Kraley asserts that, in awarding priority to Thomason and Stover, the board erroneously failed to recognize that Kraley's improvement to Dr. Sher's 3-dimensional display system constitutes the essence of the invention which is described by the count. Kraley further argues that, in view of the essential nature of his improvement, the board should not have placed the burden on him to show that he communicated every limitation of the count to Thomason and Stover, or that Thomason and Stover did not contribute inventively to the invention of the count. We do not agree. The board specifically recognized Kraley's improvement, and that the disclosure of his improvement and other information regarding the improvement conveyed in meetings between Dr. Sher and Thomason and Stover served as the basis for Thomason's and Stover's later developments.

However, the board also found that Kraley conceived of the anisochronous clock feature, but concluded he did not show complete conception of the subject matter of the count. Absent complete conception, the board determined, Kraley could not prevail on priority, regardless of how important the information disclosed by Kraley was to Thomason's and Stover's invention.
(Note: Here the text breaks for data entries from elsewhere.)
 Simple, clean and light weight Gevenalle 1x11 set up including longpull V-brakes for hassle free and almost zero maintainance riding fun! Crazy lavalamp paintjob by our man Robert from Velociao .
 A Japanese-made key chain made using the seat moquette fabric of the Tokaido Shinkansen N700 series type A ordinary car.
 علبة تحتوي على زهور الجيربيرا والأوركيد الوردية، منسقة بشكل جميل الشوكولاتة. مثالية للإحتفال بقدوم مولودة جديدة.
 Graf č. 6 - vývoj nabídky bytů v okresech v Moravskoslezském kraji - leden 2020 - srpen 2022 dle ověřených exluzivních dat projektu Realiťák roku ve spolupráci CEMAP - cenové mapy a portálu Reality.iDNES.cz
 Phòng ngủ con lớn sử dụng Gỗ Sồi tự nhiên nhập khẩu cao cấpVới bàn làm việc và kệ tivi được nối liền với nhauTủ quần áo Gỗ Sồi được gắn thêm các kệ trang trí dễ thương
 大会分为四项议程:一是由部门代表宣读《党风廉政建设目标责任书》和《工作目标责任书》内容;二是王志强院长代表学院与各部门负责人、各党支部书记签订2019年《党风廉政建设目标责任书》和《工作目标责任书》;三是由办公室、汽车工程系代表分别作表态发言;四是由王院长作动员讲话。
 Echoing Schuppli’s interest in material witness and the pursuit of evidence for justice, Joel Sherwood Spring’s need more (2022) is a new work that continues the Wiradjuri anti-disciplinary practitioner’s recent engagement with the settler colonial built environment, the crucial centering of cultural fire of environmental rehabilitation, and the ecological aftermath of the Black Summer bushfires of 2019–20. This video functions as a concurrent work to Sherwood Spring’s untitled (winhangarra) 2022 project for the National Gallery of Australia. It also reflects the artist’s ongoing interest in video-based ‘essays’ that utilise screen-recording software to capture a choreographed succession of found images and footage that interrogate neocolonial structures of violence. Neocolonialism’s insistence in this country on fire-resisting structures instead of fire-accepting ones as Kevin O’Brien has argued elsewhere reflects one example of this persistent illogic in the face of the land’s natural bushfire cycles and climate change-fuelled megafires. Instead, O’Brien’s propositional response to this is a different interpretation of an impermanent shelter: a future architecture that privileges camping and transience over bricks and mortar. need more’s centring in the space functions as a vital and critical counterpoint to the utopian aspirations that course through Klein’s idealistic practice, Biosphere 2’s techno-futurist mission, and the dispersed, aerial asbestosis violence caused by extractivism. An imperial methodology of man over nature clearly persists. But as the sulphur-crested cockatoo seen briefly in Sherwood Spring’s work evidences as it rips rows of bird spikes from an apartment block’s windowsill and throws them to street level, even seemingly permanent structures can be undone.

Complete conception is a necessary condition to the award of priority. See Coleman v. Dines, 754 F.2d 353, 361, 224 USPQ 857, 863 (Fed. Cir. 1985). Complete conception is the mental formulation and disclosure by the inventor of a complete idea for a product or process. Hybritech Inc. v. Monoclonal Antibodies, Inc., 802 F.2d 1367, 1376, 231 USPQ 81, 87 (Fed. Cir. 1986), cert. denied, 107 S. Ct. 1606 (1987). The idea must be sufficiently complete so as to enable one of ordinary skill in the art to reduce the concept to practice. Dines, 754 F.2d at 359, 224 USPQ at 862. As the board said, citing Dines, "a party claiming [complete] conception must show possession of every feature recited in the counts and every limitation of the counts must be shown to have been known to the inventor at the time the invention is alleged to have been conceived." Kraley v. Thomason, No. 101,443, slip op. at 5. Conception is a legal determination subject to review free of the clearly erroneous standard. Hybritech, 802 F.2d at 1376, 231 USPQ at 87. Findings of fact supporting that legal conclusion are reviewed under the clearly erroneous standard. Id.

The board found that no evidence was produced showing that Kraley was in possession of the timing means, the means for varying the interval of selectable duration, or the timing initiation means recited in the count. The board also found that Kraley had not shown that completing his conception into an operative invention required no more than routine skill.

The board's findings of fact are not clearly erroneous and are not disputed by Kraley. Kraley merely argues that because his disclosed improvement served as the starting point of Thomason's and Stover's invention, Thomason's and Stover's invention should "inure" to his benefit. However, since, as a matter of law, Kraley can be awarded priority only if he was in full possession of every element of the invention, we conclude that the board did not commit legal error in denying Kraley's priority claim.